Your task >>
Transcribe every entry word for word. Skip the pictures.

Exercise input >>
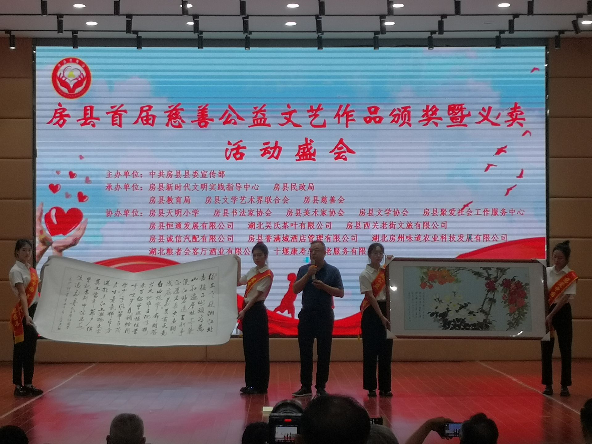 今年4月,房县新时代文明实践指导中心、民政局、文联、慈善会联合面向社会启动房县首届慈善公益文艺作品征集活动,得到社会各界广泛关注和积极响应,共收到文学、书画、短视频、摄影、手工作品等多门类文艺作品226件。为深入贯彻党的二十大精神和党的二十届三中全会精神,在9月5日我国第九个“中华慈善日”即将到来之际,由中共房县县委宣传部主办,房县新时代文明实践指导中心、民政局、文联、慈善会承办,房县书协、美协、作协、天明小学、西关老街文旅有限公司等协办此次房县首届慈善公益作品颁奖暨文艺精品义卖活动。
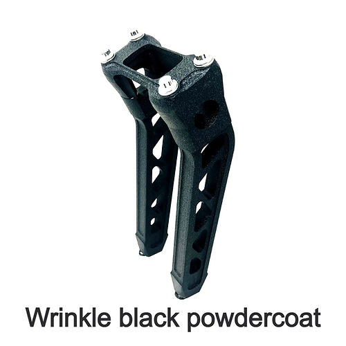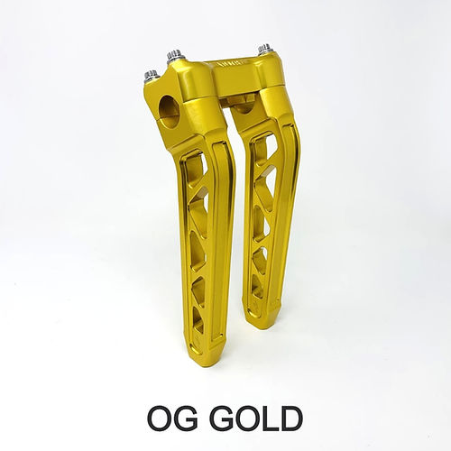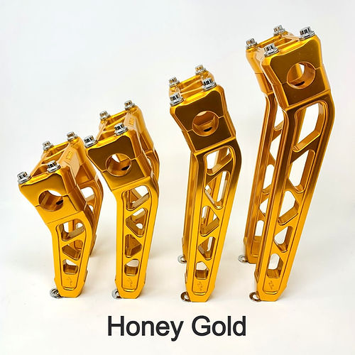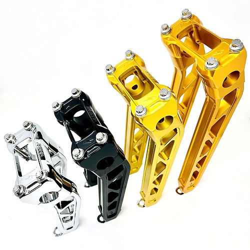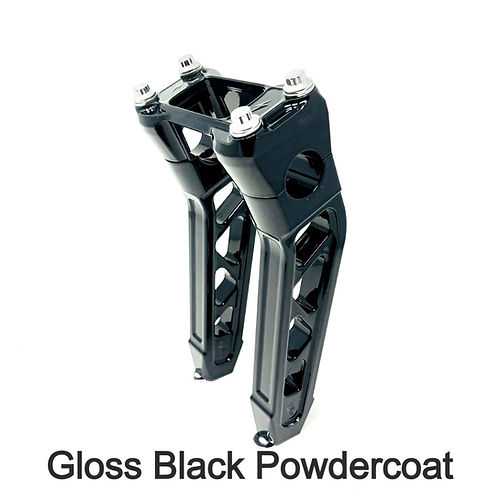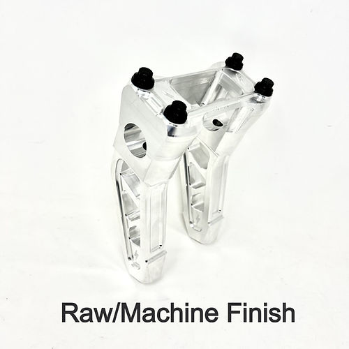 El espacio entre los orificios de montaje del elevador inferior es el estándar Harley de 3-1/2". El espacio entre los pernos de la abrazadera superior funciona con soportes de calibre estilo OEM de 4-1/4". Están disponibles en una variedad de colores anodizados, cromo, recubrimiento en polvo y acabado a máquina. El acabado a máquina puede tener pequeñas imperfecciones propias del proceso de mecanizado y no haber sido alisado ni pulido, sólo desbarbado. Está destinado a ser recubierto y terminado por el cliente, pero puede ser scotchbrit o funcionar tal cual.
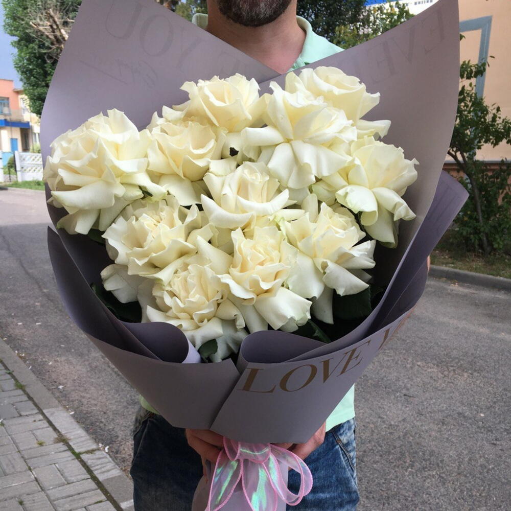 Упаковка дизайнерская – 1 шт. роза французская белая – 11 шт.
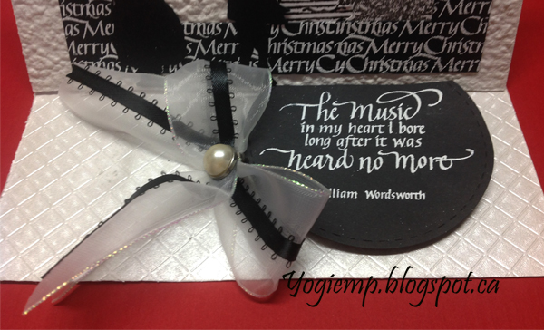 On the floor: Adhered a piece of textured paper (Paper Roots wrapping paper from eons ago...). It has a satiny shiny look. Stamped the quote onto black cardstock using the white and embossing with the white. Die cut with Elizabeth Craft Designs Stitched Circles die set. Cut off the top edge and adhered to floor to act as my stopper. Tired a faux bow using a white gauze ribbon, adhering a black picot edge ribbon with Sookwang tape and attaching a pearl brad to the center to hold the bow together, then used hot glue to adhere to card floor. |
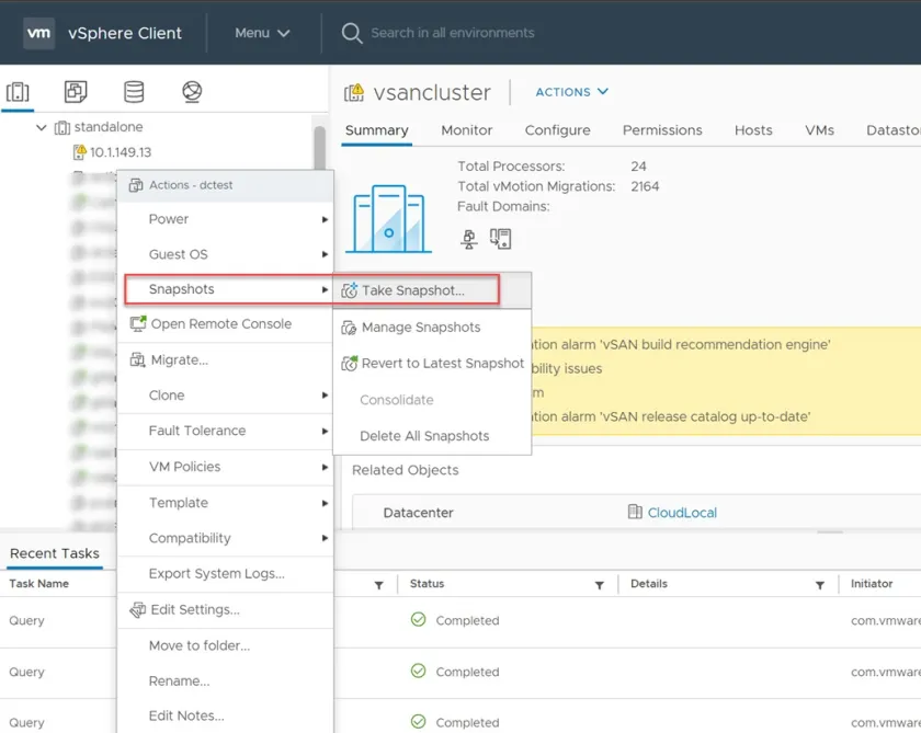 vSphere Client GUI, sanal makinelerinizde bulunan VMware Snapshot‘ları yönetmek için sezgisel bir arayüz sağlar. Bir sanal makineye sağ tıklayıp “Snapshot > Take Snapshot” seçeneğini seçerek kolayca bir anlık görüntü oluşturabilirsiniz. Bu arayüz, Snapshot’ları görsel olarak yönetmek isteyen kullanıcılar için yararlıdır.
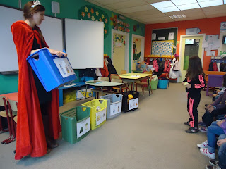Na de speeltijd vond er een leuke verrassing plaats. We kregen bezoek van de prinses van 'Viesvuilland'. De prinses kwam ons vertellen dat haar land heel vies en vuil was en graag zou ze daar een oplossing voor vinden. Omdat onze kindjes op onze school alles zo proper houden wou de prinses wel eens weten hoe wij dat doen. Dit door te sorteren! Kijk maar eens mee naar dit leuk avontuur!
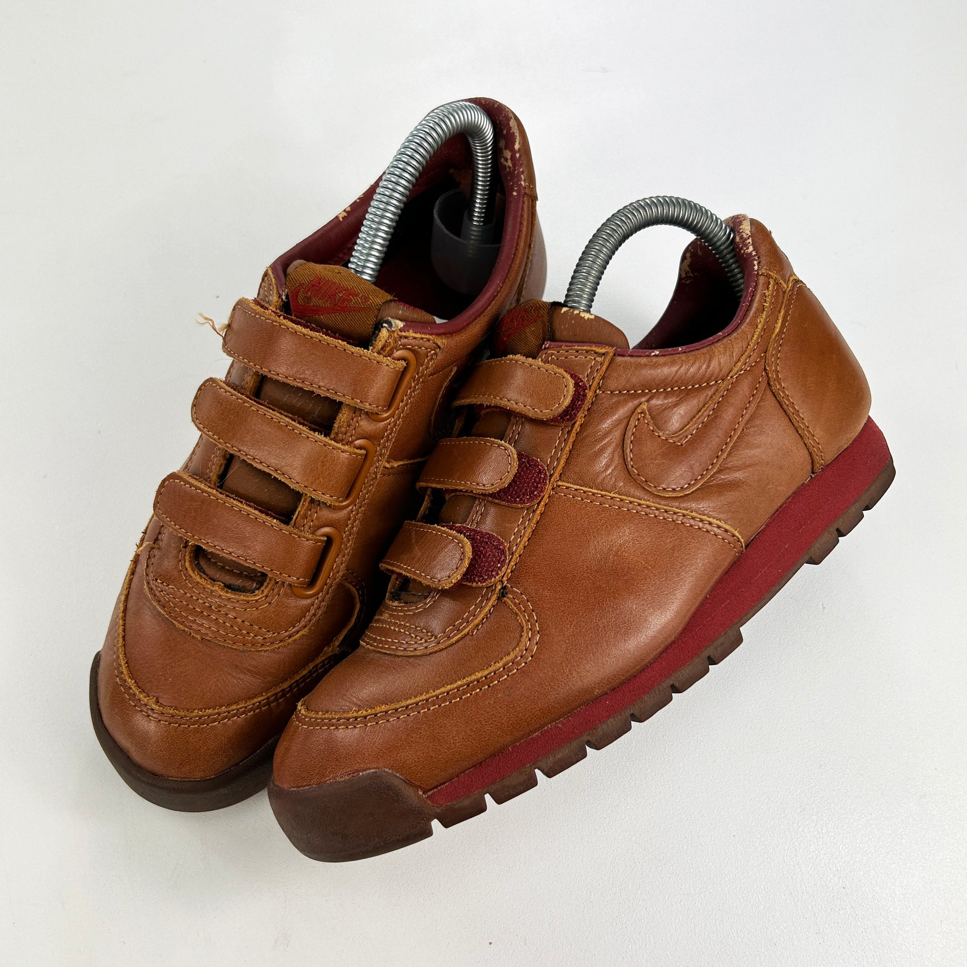 The Lava Dome is often seen as the birth of Nike ACG. The Lava Dome released in 1981 and was shortly followed by the release of the Magma and Approach in 1982. Nothing screams ACG staple more than the Lava Dome with its incredibly simple yet effective design. In 2002 this velcro iteration released as a wmns model, featuring a full grain brown leather upper paired nicely with a dark red midsole and a brown outsole. Happy to have another pair of these hit the site so soon after the last pair.

Expected answer >>
 今年4月,房县新时代文明实践指导中心、民政局、文联、慈善会联合面向社会启动房县首届慈善公益文艺作品征集活动,得到社会各界广泛关注和积极响应,共收到文学、书画、短视频、摄影、手工作品等多门类文艺作品226件。为深入贯彻党的二十大精神和党的二十届三中全会精神,在9月5日我国第九个“中华慈善日”即将到来之际,由中共房县县委宣传部主办,房县新时代文明实践指导中心、民政局、文联、慈善会承办,房县书协、美协、作协、天明小学、西关老街文旅有限公司等协办此次房县首届慈善公益作品颁奖暨文艺精品义卖活动。
 El espacio entre los orificios de montaje del elevador inferior es el estándar Harley de 3-1/2". El espacio entre los pernos de la abrazadera superior funciona con soportes de calibre estilo OEM de 4-1/4". Están disponibles en una variedad de colores anodizados, cromo, recubrimiento en polvo y acabado a máquina. El acabado a máquina puede tener pequeñas imperfecciones propias del proceso de mecanizado y no haber sido alisado ni pulido, sólo desbarbado. Está destinado a ser recubierto y terminado por el cliente, pero puede ser scotchbrit o funcionar tal cual.
 Упаковка дизайнерская – 1 шт. роза французская белая – 11 шт.
 On the floor: Adhered a piece of textured paper (Paper Roots wrapping paper from eons ago...). It has a satiny shiny look. Stamped the quote onto black cardstock using the white and embossing with the white. Die cut with Elizabeth Craft Designs Stitched Circles die set. Cut off the top edge and adhered to floor to act as my stopper. Tired a faux bow using a white gauze ribbon, adhering a black picot edge ribbon with Sookwang tape and attaching a pearl brad to the center to hold the bow together, then used hot glue to adhere to card floor. |
 vSphere Client GUI, sanal makinelerinizde bulunan VMware Snapshot‘ları yönetmek için sezgisel bir arayüz sağlar. Bir sanal makineye sağ tıklayıp “Snapshot > Take Snapshot” seçeneğini seçerek kolayca bir anlık görüntü oluşturabilirsiniz. Bu arayüz, Snapshot’ları görsel olarak yönetmek isteyen kullanıcılar için yararlıdır.
Na de speeltijd vond er een leuke verrassing plaats. We kregen bezoek van de prinses van 'Viesvuilland'. De prinses kwam ons vertellen dat haar land heel vies en vuil was en graag zou ze daar een oplossing voor vinden. Omdat onze kindjes op onze school alles zo proper houden wou de prinses wel eens weten hoe wij dat doen. Dit door te sorteren! Kijk maar eens mee naar dit leuk avontuur!
 The Lava Dome is often seen as the birth of Nike ACG. The Lava Dome released in 1981 and was shortly followed by the release of the Magma and Approach in 1982. Nothing screams ACG staple more than the Lava Dome with its incredibly simple yet effective design. In 2002 this velcro iteration released as a wmns model, featuring a full grain brown leather upper paired nicely with a dark red midsole and a brown outsole. Happy to have another pair of these hit the site so soon after the last pair.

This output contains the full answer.